The gateway watches moltbot.json for changes. When you save:

  • Safe changes (allowlists, thresholds, feature flags) apply immediately
  • Critical changes (channel credentials, bind address) trigger an automatic restart

Default mode is "hybrid". Set gateway.reload.mode="off" to disable entirely.

In-process restart

Send SIGUSR1 to restart without stopping:

kill -USR1 $(pgrep -f "moltbot gateway")

Or use the gateway tool from an agent:

{ "tool": "gateway", "action": "restart", "delayMs": 2000 }

The restart finishes the current agent run first, broadcasts a shutdown event, reloads everything, and comes back up in seconds.

Operational health checks

Liveness:

  • Can you open a WebSocket to the gateway port?
  • Does a connect request get a hello-ok response?

Readiness:

  • Does health return ok: true?
  • Is your main messaging channel linked? (check linkChannel in health payload)

Monitoring:

  • Subscribe to presence events—if you stop getting updates, something’s wrong
  • Watch for shutdown events (planned restarts vs. crashes)
  • Check status for agent queue depth and error counts

Security posture

  • Bind to localhost by default (127.0.0.1:18789)—only local processes can connect
  • Auth required even on loopback—no unauthenticated access
  • Use Tailscale Serve for remote access (identity-based auth, encrypted tunnel)
  • Avoid public exposure—don’t bind to 0.0.0.0 without strong auth and a firewall

When you do need remote access:

  • Tailscale Serve/Funnel (preferred)
  • SSH tunnel (fallback)
  • VPN (wireguard, etc.)

Never expose the gateway port directly to the internet.
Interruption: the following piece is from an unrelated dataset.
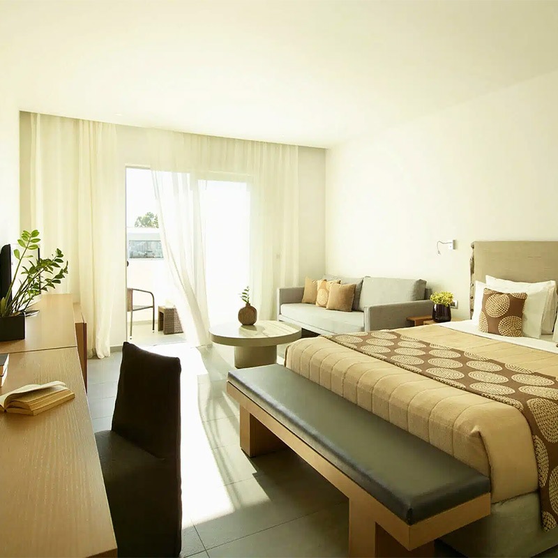 Elle est équipée de : 1 lit double king-size, canapé, balcon ou terrasse aménagé, climatisation, télévision, téléphone, mini réfrigérateur, coffre-fort, machine à café/thé, Wi-Fi, salle de bains avec baignoire, sèche-cheveux, peignoirs et chaussons.

See Security for threat models and hardening checklists.

Troubleshooting

Gateway won’t start:

  • Check if the port is already in use: lsof -i :18789
  • Use moltbot gateway --force to kill existing listeners
  • Check logs: moltbot logs or ~/.clawdbot/logs/gateway.log

Can’t connect from CLI:

  • Verify the gateway is running: moltbot gateway status
  • Check auth token matches: echo $CLAWDBOT_GATEWAY_TOKEN
  • Try connecting with explicit URL: moltbot --url ws://127.0.0.1:18789 status

Channel not linked:

  • WhatsApp: run moltbot setup and scan the QR code
  • Telegram: check channels.telegram.accounts and verify the bot token
  • Run moltbot doctor for a health audit

See Troubleshooting for the full runbook.